Available data.
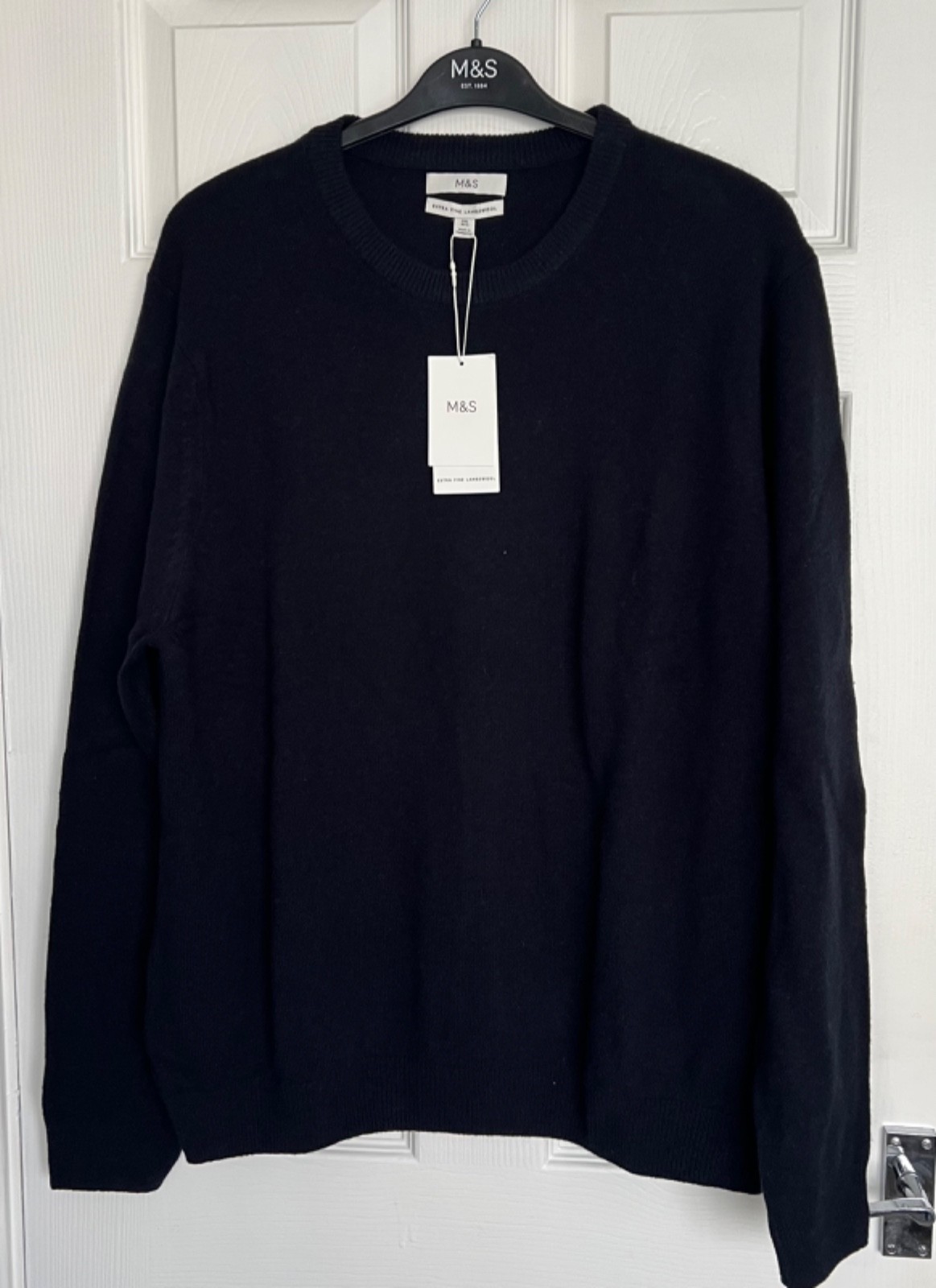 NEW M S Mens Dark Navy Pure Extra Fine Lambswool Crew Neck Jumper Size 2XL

...

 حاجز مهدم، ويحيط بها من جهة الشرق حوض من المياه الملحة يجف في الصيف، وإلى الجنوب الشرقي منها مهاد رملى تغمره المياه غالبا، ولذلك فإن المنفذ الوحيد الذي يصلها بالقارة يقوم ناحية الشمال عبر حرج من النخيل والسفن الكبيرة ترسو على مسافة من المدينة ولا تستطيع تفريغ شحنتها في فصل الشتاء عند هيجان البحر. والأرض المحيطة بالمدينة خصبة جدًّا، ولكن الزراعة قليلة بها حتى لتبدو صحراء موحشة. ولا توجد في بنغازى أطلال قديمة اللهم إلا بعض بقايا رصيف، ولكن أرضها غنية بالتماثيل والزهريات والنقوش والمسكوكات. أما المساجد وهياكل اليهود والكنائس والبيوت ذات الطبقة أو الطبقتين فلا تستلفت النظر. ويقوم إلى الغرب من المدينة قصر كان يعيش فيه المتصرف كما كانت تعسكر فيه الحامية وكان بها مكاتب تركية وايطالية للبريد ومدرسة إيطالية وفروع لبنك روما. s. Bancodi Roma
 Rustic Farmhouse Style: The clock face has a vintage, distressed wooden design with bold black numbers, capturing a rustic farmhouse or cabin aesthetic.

Task. Begin with the line that has "حاجز مهدم، ويحيط" in the listing above and end after the line that has "Rustic Farmhouse Style: The"; output those lines exactly.

Result of this exercise.
 حاجز مهدم، ويحيط بها من جهة الشرق حوض من المياه الملحة يجف في الصيف، وإلى الجنوب الشرقي منها مهاد رملى تغمره المياه غالبا، ولذلك فإن المنفذ الوحيد الذي يصلها بالقارة يقوم ناحية الشمال عبر حرج من النخيل والسفن الكبيرة ترسو على مسافة من المدينة ولا تستطيع تفريغ شحنتها في فصل الشتاء عند هيجان البحر. والأرض المحيطة بالمدينة خصبة جدًّا، ولكن الزراعة قليلة بها حتى لتبدو صحراء موحشة. ولا توجد في بنغازى أطلال قديمة اللهم إلا بعض بقايا رصيف، ولكن أرضها غنية بالتماثيل والزهريات والنقوش والمسكوكات. أما المساجد وهياكل اليهود والكنائس والبيوت ذات الطبقة أو الطبقتين فلا تستلفت النظر. ويقوم إلى الغرب من المدينة قصر كان يعيش فيه المتصرف كما كانت تعسكر فيه الحامية وكان بها مكاتب تركية وايطالية للبريد ومدرسة إيطالية وفروع لبنك روما. s. Bancodi Roma
 Rustic Farmhouse Style: The clock face has a vintage, distressed wooden design with bold black numbers, capturing a rustic farmhouse or cabin aesthetic.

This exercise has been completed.